The Agent Select feature may not be available depending on the server environment.

High-Performance Computing Optimizations: Backend.AI provides configuring values related to HPC Optimizations.

Backend.AI provides configuration UI for internal control variable in nthreads-var. Backend.AI sets this value equal to the number of session's CPU cores by default, which has the effect of accelerating typical high-performance computing workloads. Nevertheless, for some multi-thread workloads, multiple processes using OpenMP are used at same time, resulting in an abnormally large number of threads and significant performance degradation. To resolve this issue, setting the number of threads to 1 or 2 would work.

Data & Storage#

Click the 'Next' button below, or the 'Data & Storage' menu on the right to proceed to the next page.

When a compute session is destroyed, data deletion is set to default. However, data stored in the mounted folders will survive. Data in those folders can also be reused by mounting it when creating another compute session. For further information on how to mount a folder and run a compute session, refer to Mounting Folders to a Compute Session.

users can specify the data folders to mount in the compute session.

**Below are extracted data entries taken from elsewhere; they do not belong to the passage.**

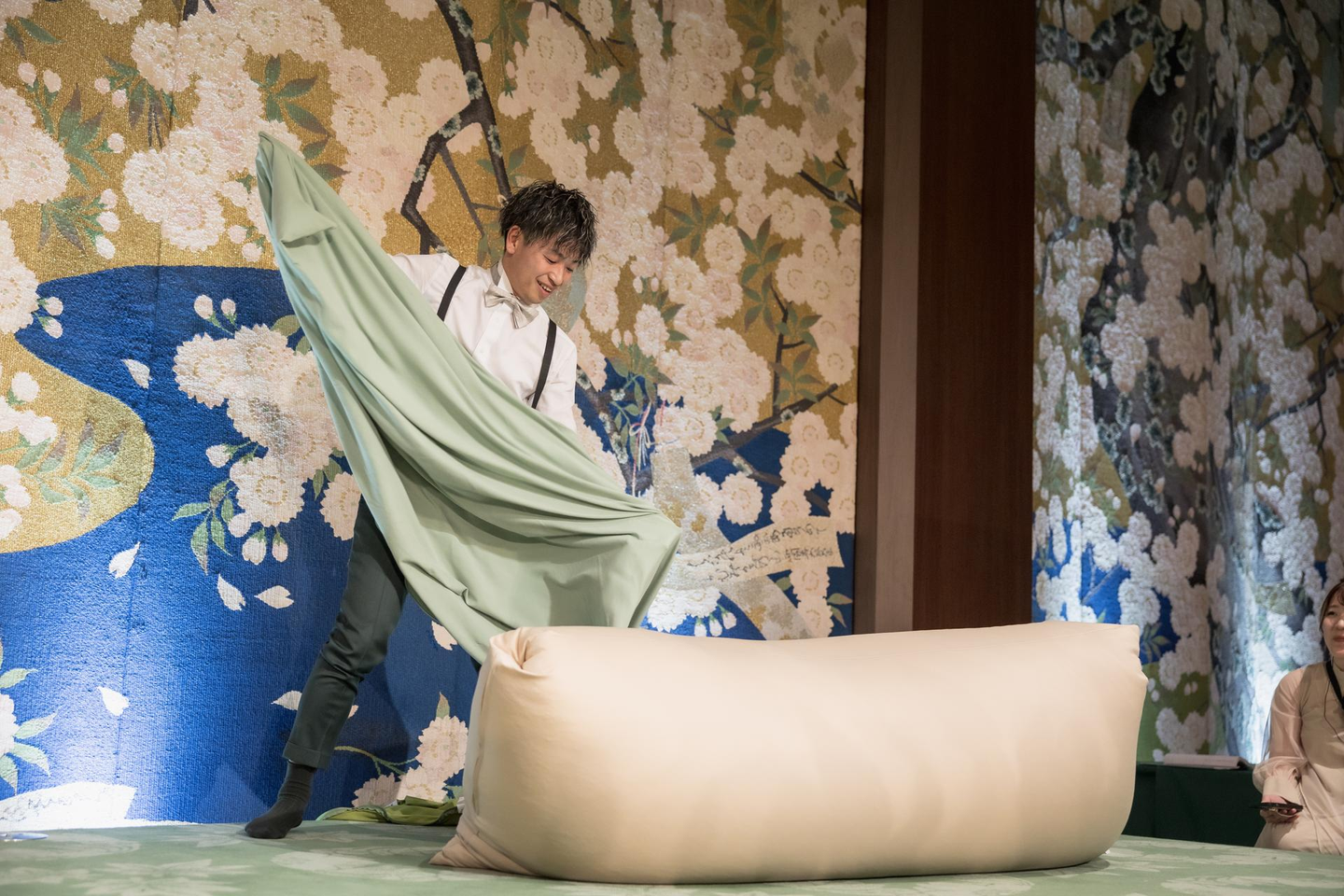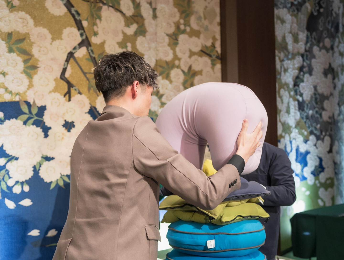 取締役3名が率いるピンク・ブルー・グリーンチームに分かれ、Yogibo商品を使った積み上げ競争やカバー掛けスピード対決、Yogiboに関するクイズなど、ユニークな競技でチーム対抗戦が行われました。
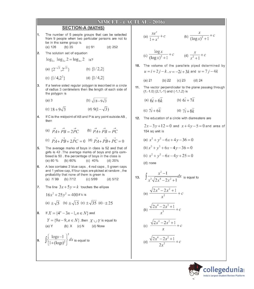 NIMCET 2016 Question Paper with Answer Key PDFs Forenoon Session
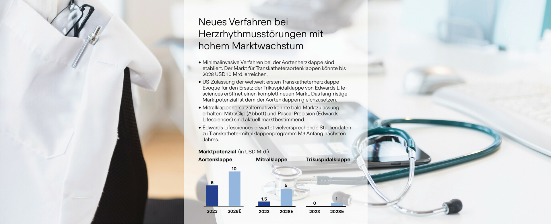 Ohne technische Geräte und Unterstützung ist Medizin heute undenkbar. Die moderne Medizintechnik verbessert sowohl die Diagnostik und Therapie, als auch die Pflege und Rehabilitation der Patienten. Das sorgt für mehr Lebensqualität bei Betroffenen, aber auch für Effizienz und Kostensenkung im gesamten Gesundheitswesen. Für diesen Sektor spricht zudem das grosse Wertsteigerungspotenzial bei Gesundheitsdienstleistern, das wachsende Behandlungsvolumen, der Trend zu Digitalisierung und KI sowie solide Prämien bei den Krankenversicherern.

Folder explorer can be used by clicking folder name. For further information, please refer Explore Folder section.

New folder can be created by clicking the '+' button next to the search box. When new folder is created, it will automatically be selected as the folder to mount. For further information, please refer Create Storage Folder section.

Network#

Click the 'Next' button below, or the 'Network' menu on the right to proceed to the next page. On this page, Network configuration can be done such as Preopen Ports.

Set Preopen Ports: Provides an interface for users to set preopen ports in a compute session. Refer to the How to add preopen ports before session creation for further information.

Confirm and Launch#

If you are done with the network setting, click the 'Next' button below, or 'Confirm and Launch' button on the right to proceed to the last page.

On the last page, users could view information of session(s) to create, such as environment itself, allocated resources, mount information, environment variables set on the previous pages, preopen ports, etc., Review the settings, users could launch the session by clicking 'Launch' button. Click the 'Edit' button located at the top right of each card to redirect to relevant page.

If there is an issue with the settings, an error message will be displayed as follows. Users can edit their settings when this happens.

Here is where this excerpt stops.